■ Prompt ■
The required output holds only the lines from the one containing "Studio au rez-de-chaussée" through the end of the material below, copied exactly, please, with no pictures.

····················

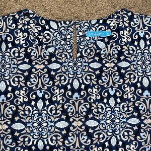 J. McLaughlin Catalyst 3/4 Sleeve Crew Neck Catalina Cloth Dress Blue Medallion
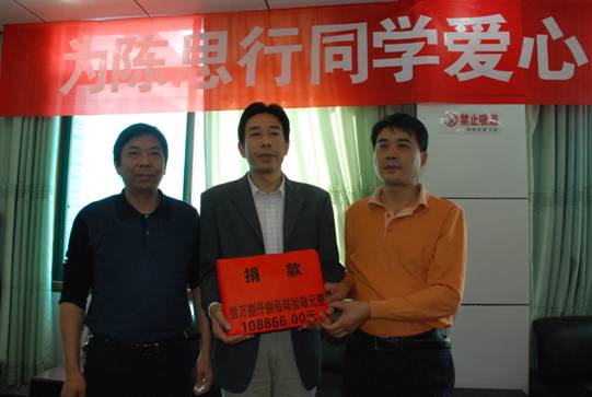 柏连阳、郭军带头捐款,并代表学校师生把108866元善款交到陈思行父亲手中。
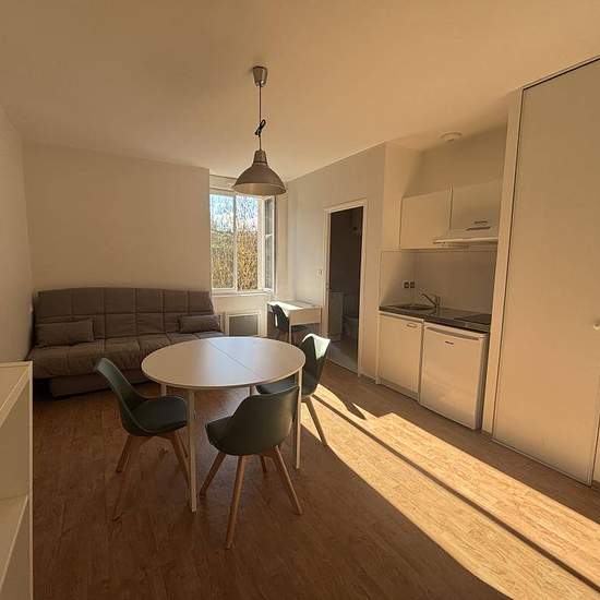 Studio au rez-de-chaussée comprenant un coin cuisine avec éléments hauts, une hotte, un réfrigérateur et une plaque vitro. Un séjour avec placard et coin penderie, une table, quatres chaises, une bibliothèque ainsi qu'un bureau et un clic-clac. Une salle d'eau avec meuble-vasque, sèche serviette, placard, et wc. Chauffage individuel électrique. Prix moyens des énergies indexés sur les années 2021, 2022, 2023 (abonnement compris) Honoraires état des lieux: 0.00€ Les informations sur les risques auxquels ce bien est exposé sont disponibles sur...
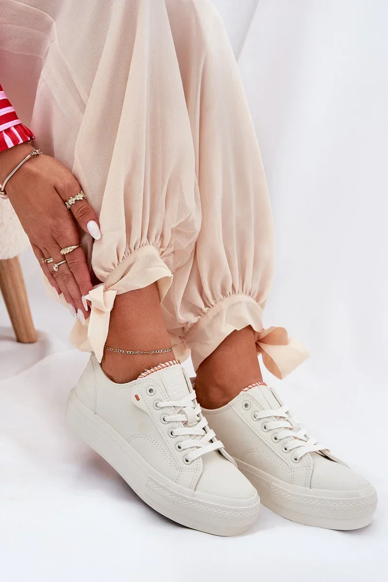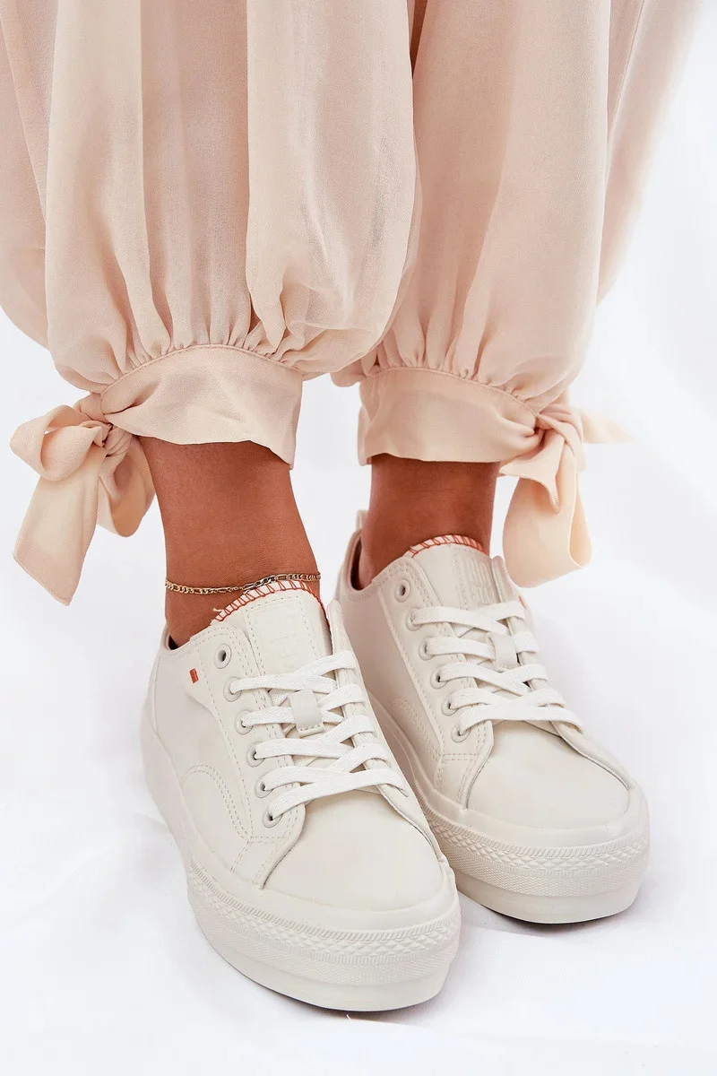 Styl a pohodlí v jednom – to vystihuje dámské tenisky Big Star ve světle béžovém provedení. Vyvýšená platforma opticky prodlouží postavu a zároveň poskytuje pohodlnou oporu chodidlu. Eko kůže v decentní barvě působí moderně a elegantně, ať už je obujete ke sportovnímu nebo ležérnímu outfitu.
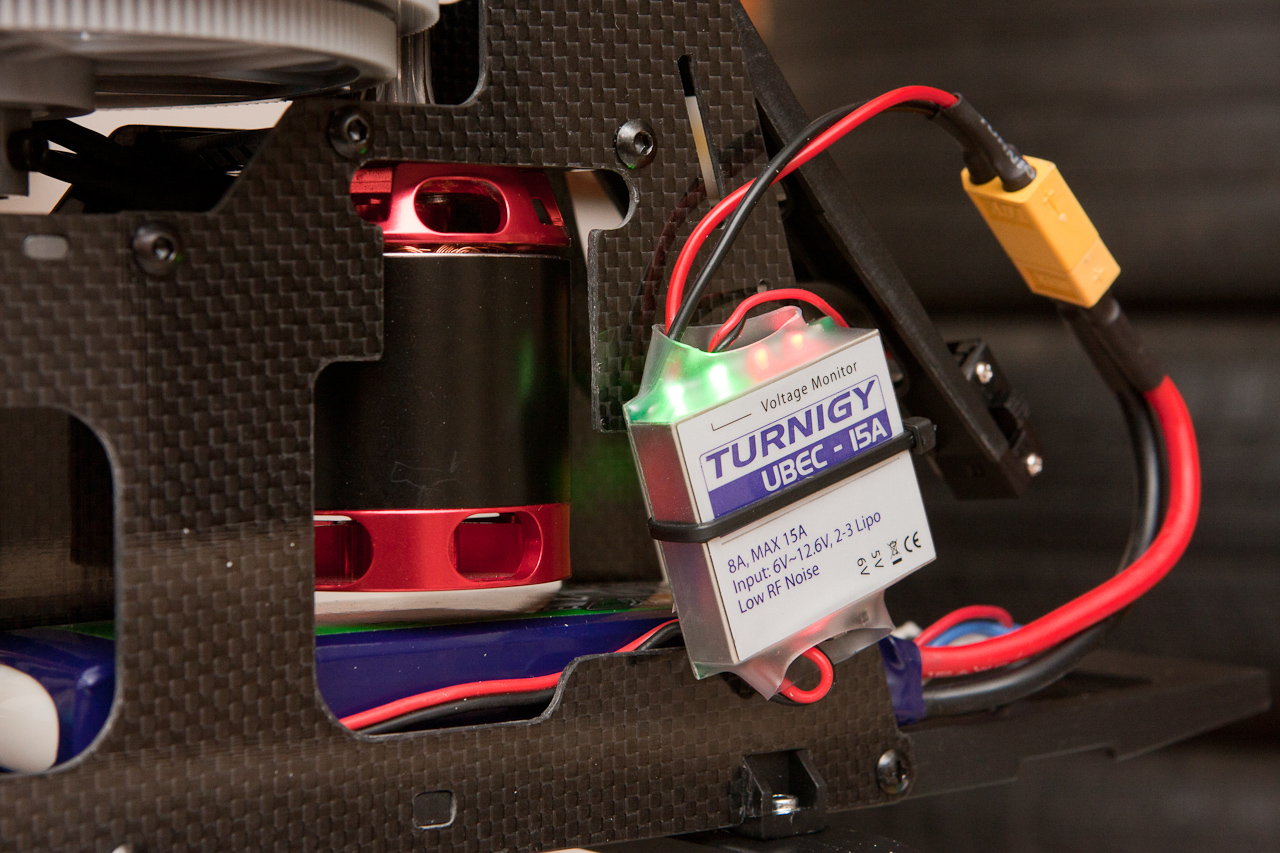 Тук съм прорязал отвор в карбоновата рамка, за да мине двигателят. Разрезът е 33мм широк. Монтирах и BEC-a (Turnigy 8-15A) там, за да е възможно най-далеч от приемника (както пише навсякъде) и за да може да се охлажда от струята създадена от двигателя. Половината BEC от зад е открит от фабричен отвор в рамката към двигателя. Още мисля къде точно да монтирам ключът.

····················

■ Written response ■
 Studio au rez-de-chaussée comprenant un coin cuisine avec éléments hauts, une hotte, un réfrigérateur et une plaque vitro. Un séjour avec placard et coin penderie, une table, quatres chaises, une bibliothèque ainsi qu'un bureau et un clic-clac. Une salle d'eau avec meuble-vasque, sèche serviette, placard, et wc. Chauffage individuel électrique. Prix moyens des énergies indexés sur les années 2021, 2022, 2023 (abonnement compris) Honoraires état des lieux: 0.00€ Les informations sur les risques auxquels ce bien est exposé sont disponibles sur...
 Styl a pohodlí v jednom – to vystihuje dámské tenisky Big Star ve světle béžovém provedení. Vyvýšená platforma opticky prodlouží postavu a zároveň poskytuje pohodlnou oporu chodidlu. Eko kůže v decentní barvě působí moderně a elegantně, ať už je obujete ke sportovnímu nebo ležérnímu outfitu.
 Тук съм прорязал отвор в карбоновата рамка, за да мине двигателят. Разрезът е 33мм широк. Монтирах и BEC-a (Turnigy 8-15A) там, за да е възможно най-далеч от приемника (както пише навсякъде) и за да може да се охлажда от струята създадена от двигателя. Половината BEC от зад е открит от фабричен отвор в рамката към двигателя. Още мисля къде точно да монтирам ключът.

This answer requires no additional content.